Provided information —
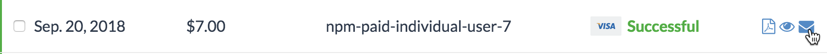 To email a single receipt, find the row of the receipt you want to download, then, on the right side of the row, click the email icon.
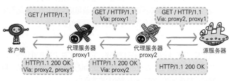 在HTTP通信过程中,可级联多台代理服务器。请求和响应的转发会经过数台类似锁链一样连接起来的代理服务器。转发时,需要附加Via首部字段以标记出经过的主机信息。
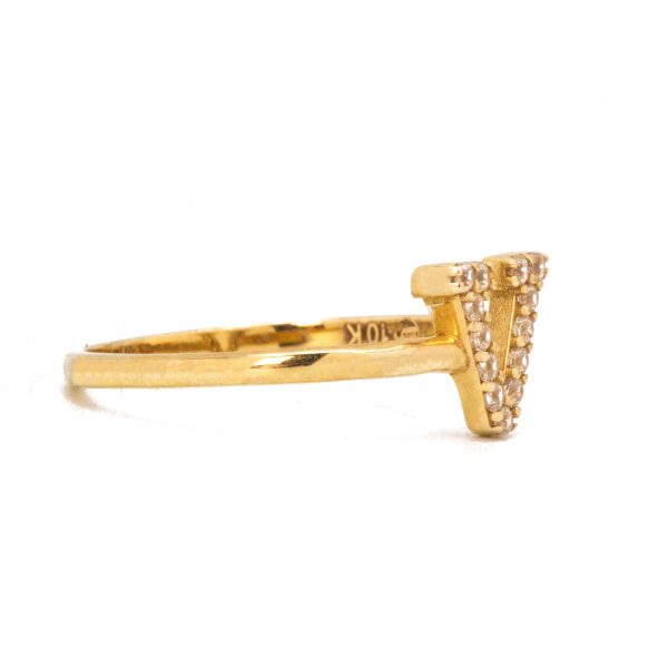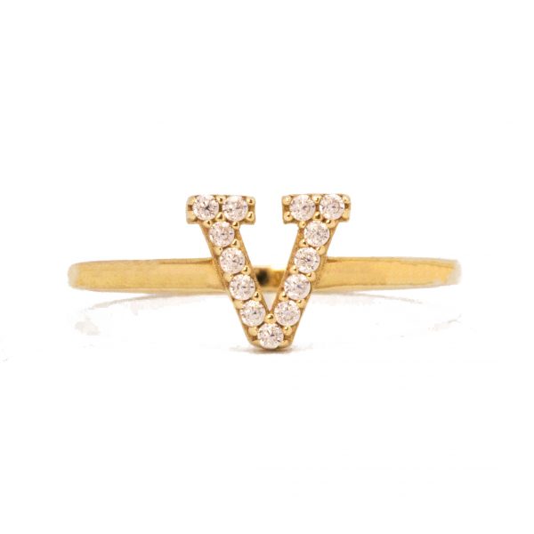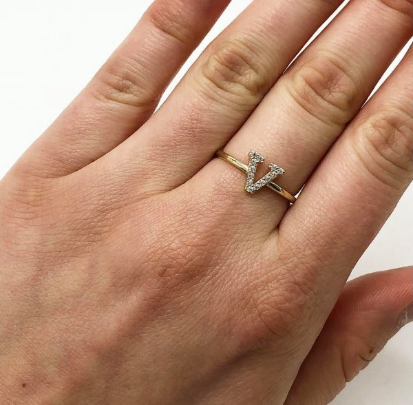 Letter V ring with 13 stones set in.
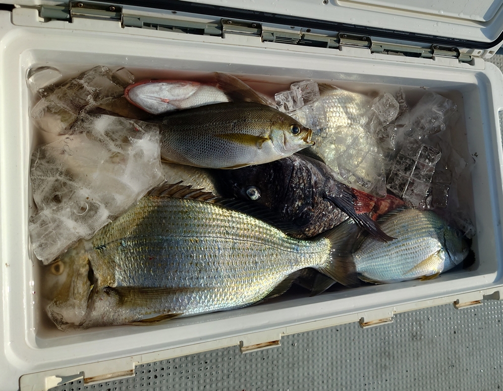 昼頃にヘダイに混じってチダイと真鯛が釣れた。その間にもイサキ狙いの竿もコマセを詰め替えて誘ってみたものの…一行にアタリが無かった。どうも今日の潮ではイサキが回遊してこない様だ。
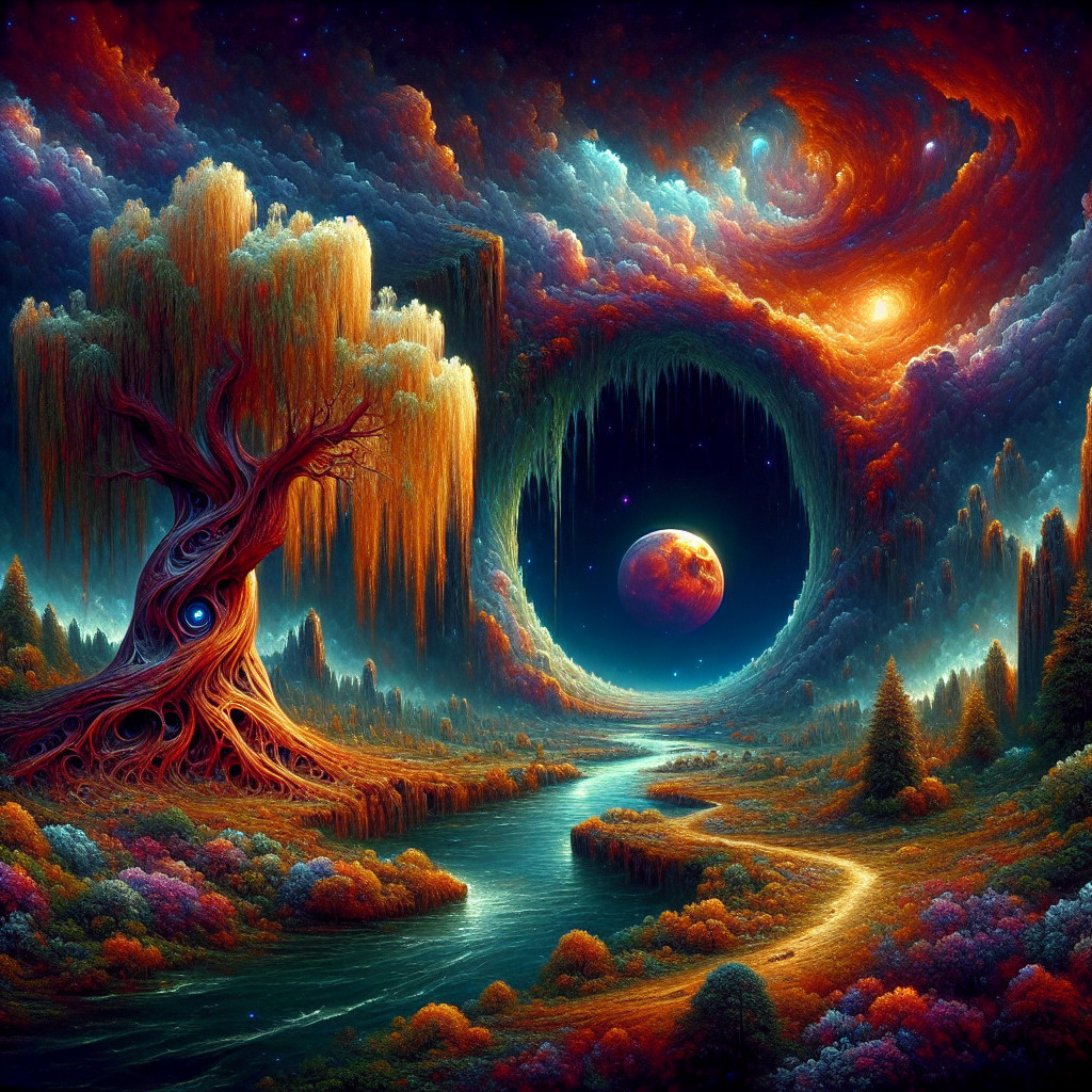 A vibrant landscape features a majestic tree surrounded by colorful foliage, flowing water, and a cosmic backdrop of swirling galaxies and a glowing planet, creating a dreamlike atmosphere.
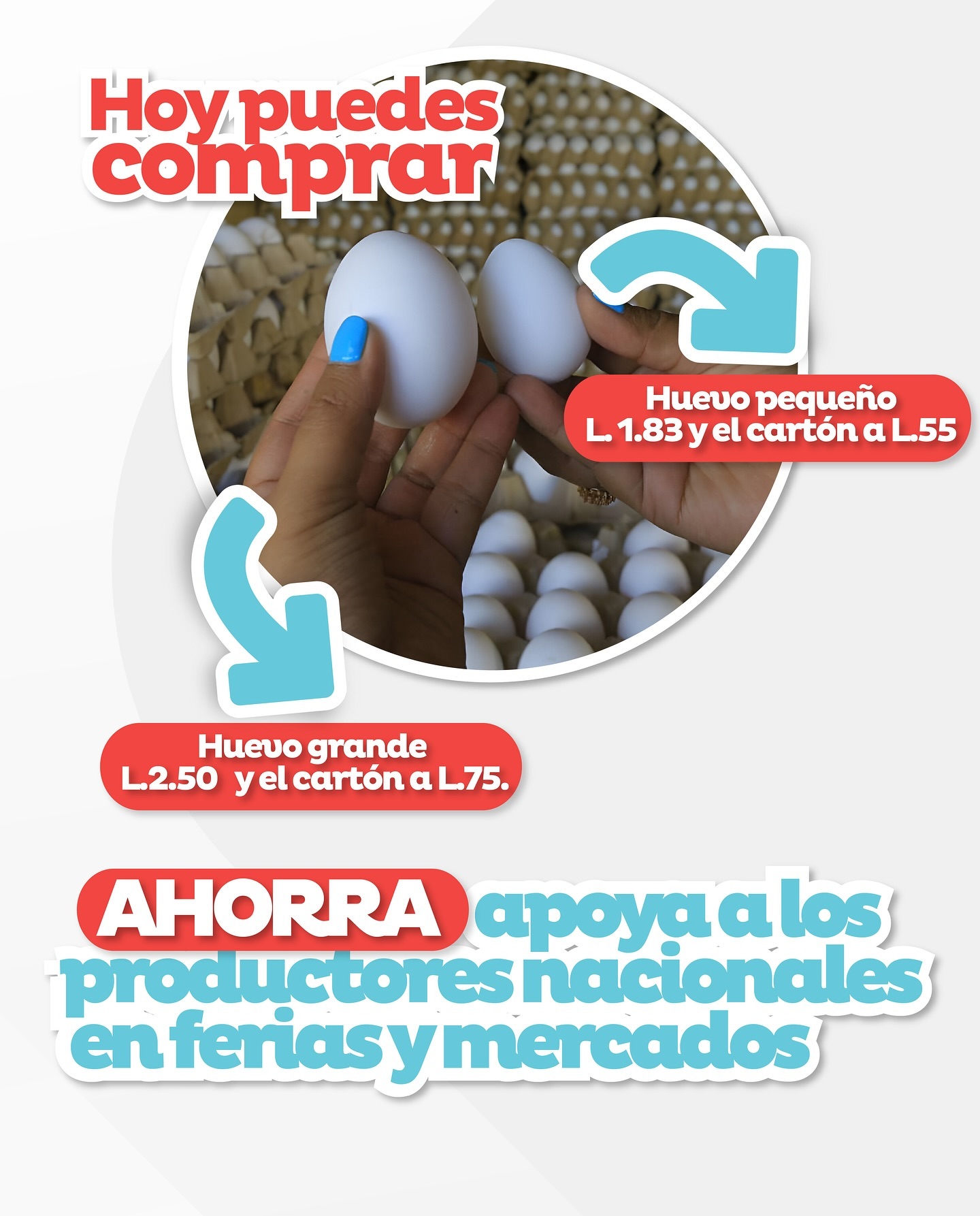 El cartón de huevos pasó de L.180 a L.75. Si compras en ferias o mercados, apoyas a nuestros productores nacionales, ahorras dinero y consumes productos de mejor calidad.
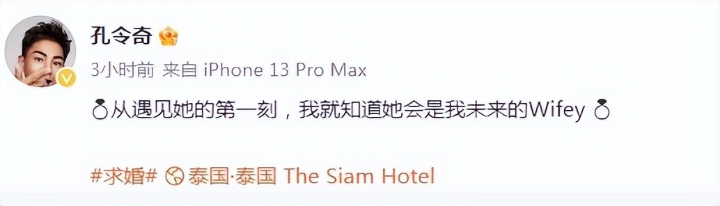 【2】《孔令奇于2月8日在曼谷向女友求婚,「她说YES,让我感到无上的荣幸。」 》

Goal of the exercise —
Start with the line holding "Letter V ring with 13 stones set in." and repeat exactly every line through the final line of the records above, but no pictures and nothing more.

Answer space —
 Letter V ring with 13 stones set in.
 昼頃にヘダイに混じってチダイと真鯛が釣れた。その間にもイサキ狙いの竿もコマセを詰め替えて誘ってみたものの…一行にアタリが無かった。どうも今日の潮ではイサキが回遊してこない様だ。
 A vibrant landscape features a majestic tree surrounded by colorful foliage, flowing water, and a cosmic backdrop of swirling galaxies and a glowing planet, creating a dreamlike atmosphere.
 El cartón de huevos pasó de L.180 a L.75. Si compras en ferias o mercados, apoyas a nuestros productores nacionales, ahorras dinero y consumes productos de mejor calidad.
 【2】《孔令奇于2月8日在曼谷向女友求婚,「她说YES,让我感到无上的荣幸。」 》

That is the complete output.